Love in the Loire Read online

Page 19

The women . . . my mother, Nina, Edwina . . . were all very attractive women but none of them a type to be supported by or pampered by men. They were beautiful in their own very individual ways, but to a large part because of the thought and care they had given to their clothing, their appearance, their . . . what can you call it . . . their manner? Their inner beings had created their outer being, and they had chosen beautiful men for their lovers.

  The men . . . Graham, Glenn Elliott, Steve . . . were truly beautiful. Beautiful as nature rolled them out. Of course they take care of their bodies and their skin, but they make no attempt to dress in a fashionable way or to be especially witty or entertaining, although they frequently are. They are simply there. And these are the kind of men these women have selected, because surely it is the women who have selected the men. The men have waited for someone to come for them.

  And is my relationship with men more similar to the women in these situations? I think so. People admire my appearance, but I can never be vain about it because it is very much an expression of me, and I don’t think words like “beautiful” and “ugly” apply to the manifestation of personality. Perhaps I am beautiful, but I do not perceive it in that way, and it is my perception of it that counts. That can be the only reality for me.

  So why didn’t these women select men who were successful in business, or medicine, or politics? Men who sought power? Men who were similar in personality or goals? Although one has to admit that men like Malcolm Forbes or Rupert Murdoch are not exactly sexual turn-ons. I had to ask my mother.

  Which I did as we walked back to the hotel, through the small winding streets of Cornichons. Edwina walked ahead with Glenn Elliott and Steve on either side of her. I could see there was a certain amount of electricity between Glenn and Steve but also knew it would come to nothing. But it made me wonder if Glenn Elliott was still fooling around on the side or not. Dangerous to do with AIDS and all. If he gave my mother AIDS, I would kill him.

  “Mom, I was looking at all of us sitting around the table at dinner having such a good time and I wondered why women like you and Nina and Edwina, before she became a lesbian, chose handsome men who very much need you. Rather than some great tycoon of business,” I said.

  My mother looked at me as we passed under a streetlight. She was wearing a pink linen dress, a color she usually never wore as I remember. Very Jackie Kennedy. “Edwina’s a lesbian?” she said. “What next? I mean, what are lesbians coming to? They used to all look like professional wrestlers who could beat you to a pulp with one hand and wore lumberjack shirts. Look at that. Ultrachic. I like her. But that is something like saying you like Mount Hood. Or Niagara Falls. As though she cares.”

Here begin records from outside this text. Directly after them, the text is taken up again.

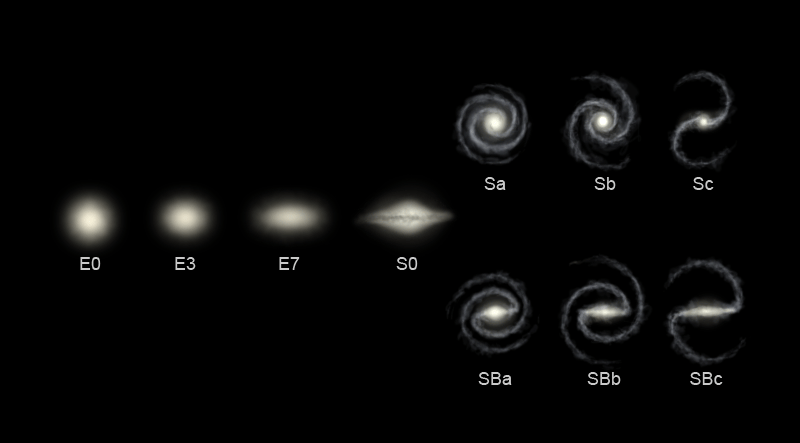 Lead image complete caption: A figure illustrating the Hubble sequence. On the left are elliptical galaxies, with their shapes ranging from spherical (E0) to elongated (E7). Type S0 is intermediate between elliptical and spiral galaxies. The upper right line of objects stretch from Sa (tightly wound spiral) to Sc (loosely wound spiral). The lower right line shows the barred spirals that range from the tightly wound SBa to loosely wound SBc types. Image: Ville Koistinen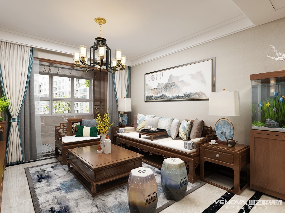 小区:中海·华山珑城 面积:128㎡ 户型:三居 风格:新中式风格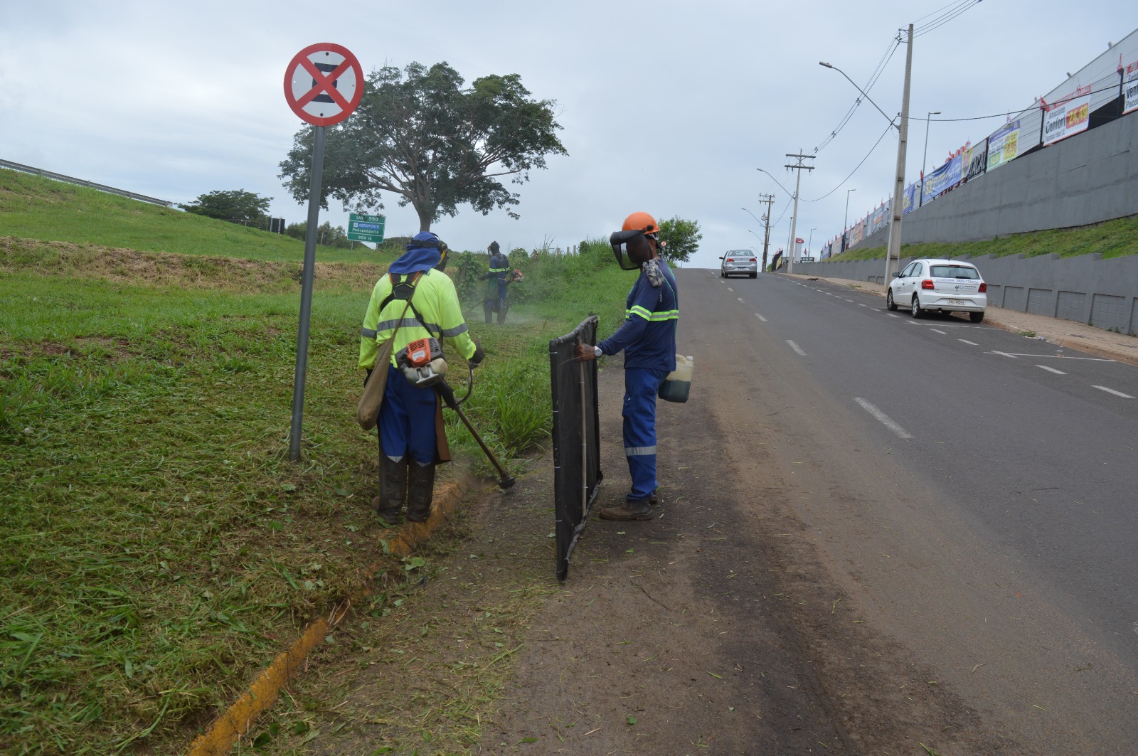 Outra frente de serviço está concentrada na Avenida Luiz Brambatti, marginal da Rodovia Euclides da Cunha. Devido ao intenso fluxo e à atividade comercial do local, a manutenção ocorre em ambos os lados da via.

  “There was Coco Chanel. She was a chic lesbian. Though I think Edwina’s much nicer. So why did you never want to fall in love with a great tycoon?” I said.

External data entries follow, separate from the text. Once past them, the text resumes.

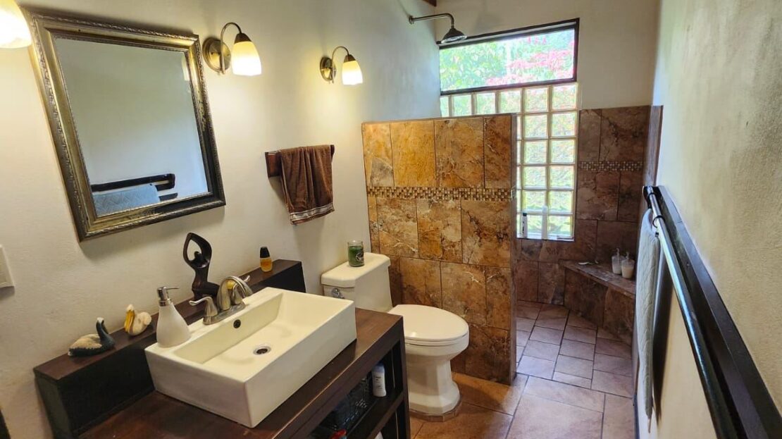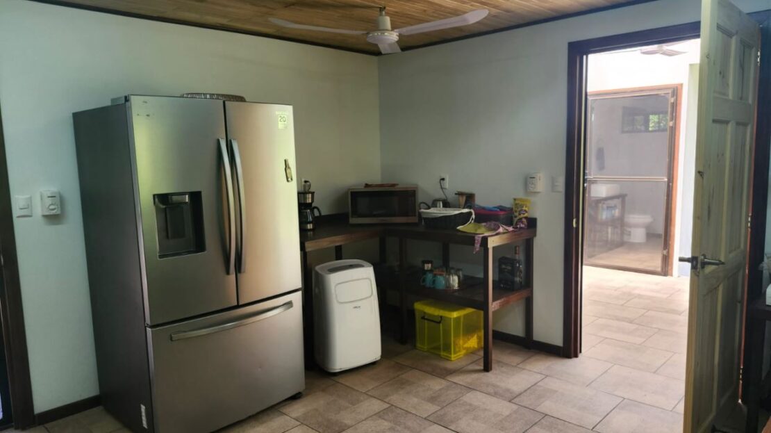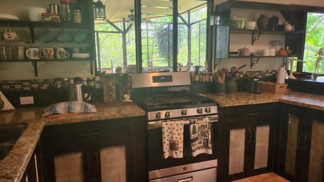 The property has easy two-wheel drive access, a bus stop at the lane’s end, and proximity to Rivas for essentials such as a market, pharmacy, bank machine and butcher’s. Modern comforts include a solar hot water system, DSL internet, landline, and TV service. The upgraded kitchen boasts granite countertops, a 4-burner gas stove, and more. Notable additions include an electric front gate, and a whole-house surge protector. The property includes a greenhouse, storage shed, and a diverse array of fruit trees, plants, and flowers. Enjoy a cup of coffee from beans grown on the property and roasted across the river! Make Casa Jardin your stair-free haven in nature’s embrace. Act now and embrace your retreat in this riverside paradise!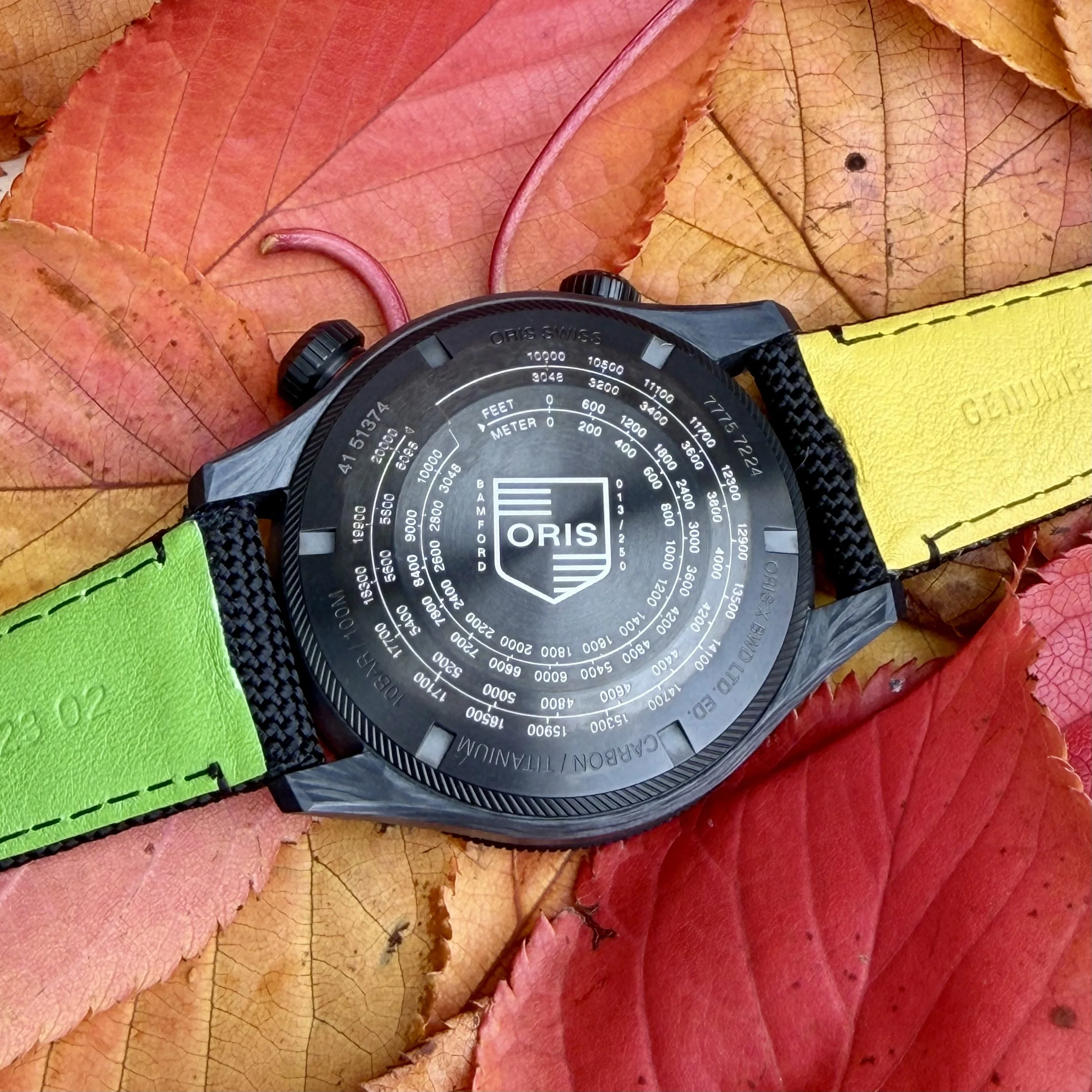 To craft the case, Oris partnered with 9T Labs, a Swiss engineering firm specialising in aerospace materials. Together, they developed a carbon composite using additive manufacturing techniques never before applied in watchmaking. The result? A material stronger than many metals yet roughly two-thirds lighter than titanium — a remarkable feat of modern engineering and a fitting foundation for such an audacious design.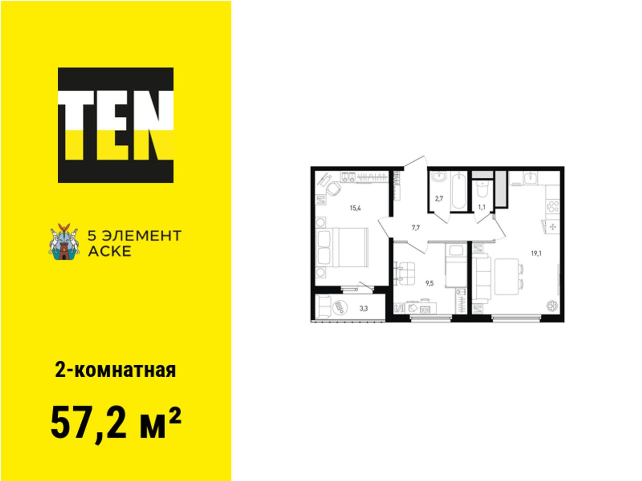 2-комнатная — 57,2 м² 13/16 эт. в 5 элемент Аске

  “Honey,” she pulled my arm closer to herself, “you don’t decide to fall in love with someone in the first place. You either do or you don’t. And as to why women like myself are fools for beauty? I guess we want to run our own lives. So we are not attracted to someone who will take care of us. You pay a high price for that. Always having to cajole and coerce. It has a big effect on your sexual relationship. The feeling that you should never say ‘no.’ I would hate to ask someone for the money to buy a new dress. And to have all your jewelry be someone else’s choice? I don’t think I could handle that.

  “And I don’t think I fell in love with Glenn because of the prestige of having a handsome lover. Husband. I fell in love with his physical presence. I want to be with that beautiful presence all the time. It is curious. And I think my love for him is kind of an aura he wants to be in. Our love for each other is quite different, I think. But it is truly love. Here we are at the hotel. I love him for who he is not for what he can do for me. I think that wraps it up. I don’t need him. I love him. In his entirety. Just as he is right now. I think I will go in and sleep with him. You’ve caused me to think very seriously about him. My good-looking husband.”

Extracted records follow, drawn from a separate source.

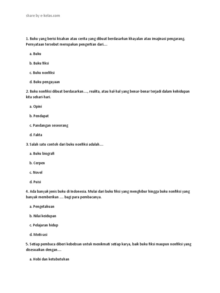 Latihan soal pilihan ganda bab buku fiksi dan nonfiksi. Tema, tokoh, penokohan, latar, alur, amanat, sudut pandang. Merupakan buku yang berisi kejadian sebenarnya dan bersifat informatif. Literasi buku fiksi dan nonfiksi. Ide, gagasan atau ilham dari pengarang bisa saja bersumber dari fakta dalam sementara itu contoh daripada buku non fiksi seperti buku ilmiah penelitian, buku tentang pelajaran, buku tentang ensiklopedia, buku kumpulan. Dalam mengomentari sebuah buku, baik buku fiksi dengan kenikmatan minum susu. Ayo segera gabung bersama tutor yang. Pada kesempatan ini, soal meminta kita untuk menyajikan unsur buku fiksi dan nonfiksi. Cover buku,rincian subbab buku,judul subbab,tokoh dan penokohan,tema cerita,bahasa yg digunakan,penyajian alur cerita. Pengertian jenis jenis buku perbedaan buku fiksi dan non fiksi. Latihan soal pilihan ganda materi buku fiksi dan nonfiksi beserta jawaban. Berikut ini 24 contoh soal buku fiksi dan nonfiksi beserta jawaban. Beberapa jenis buku non fiksi seperti buku biografi, literatur, motivasi.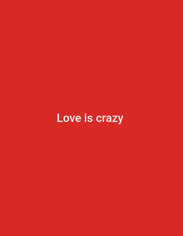 A red background dominates the image, against which the phrase "Love is crazy" is displayed in white, centered horizontally and vertically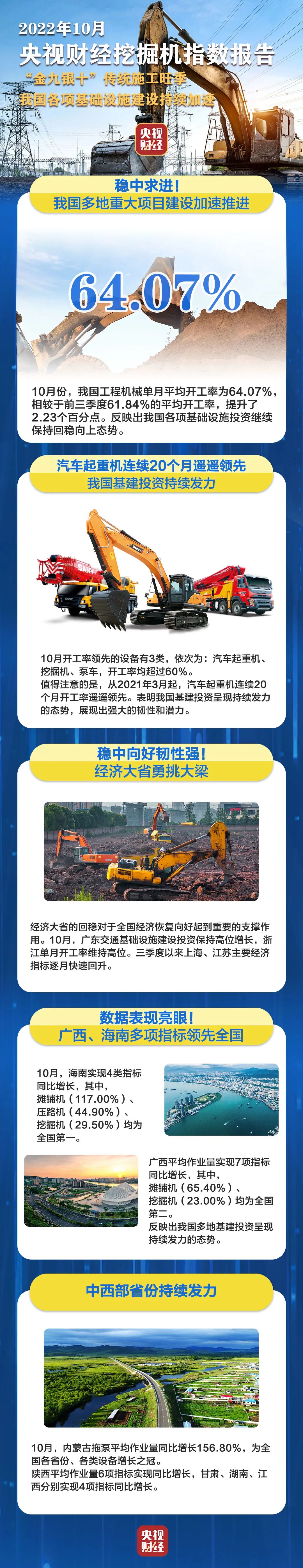 挖掘机是基础设施建设的“标配”,是反映基础设施建设、观察固定资产投资等经济变化的风向标。央视财经与好体育投注官网重工、树根互联联合打造的“央视财经挖掘机指数”发布了最新相关数据。10月份我国多地重大项目建设加速推进,在“金九银十”传统施工旺季的带动下,我国基建投资呈现持续发力的态势。

  We all kissed good night. I kissed Glenn Elliott on both cheeks. He shook hands with Steve. He was wearing a blue blazer and open white shirt. Definitely a looker.

  “You should ask Glenn,” my mother said. “And Edwina. I’d like to know myself what they would have to say. And, of course, Nina.”

  Edwina said, “What does Hugo want to ask us?”

  “He’s doing research on the nature of love,” my mother said.

  “Well, there’s a question. I’m still doing research myself,” Edwina said. She looked at me. “We’ll talk.”

  I went back to Steve’s room with him. As soon as we entered the room before he could turn on the lights I pushed him down on the floor and started taking off his clothes. He didn’t resist. He seemed to understand I really needed him that night.

  More Red Mill Rehearsals

  Something was brooding over Cornichons. Thunder rolled constantly in the distance. Sudden showers drenched the narrow stone streets. The clouds, usually so placid and low hanging like great flocks of white, woolly sheep, now stacked high. It would be easy to think of the gods perched at their peaks, readying themselves to hurl down bolts of destruction upon us. Even the air felt uneasy.

  Because of the sudden rainstorms, rehearsals were impossible at the fake mill on the edge of the Abbey property. We had to do all of our rehearsing in the riding arena/theater. There was plenty of sitting about, and it gave me a chance to talk to Edwina, who had come to the rehearsal.

  She was wearing black slacks and tee-shirt and a large gold bracelet, sitting with her legs crossed in the front row watching the rehearsals. I joined her there when the cast took a break.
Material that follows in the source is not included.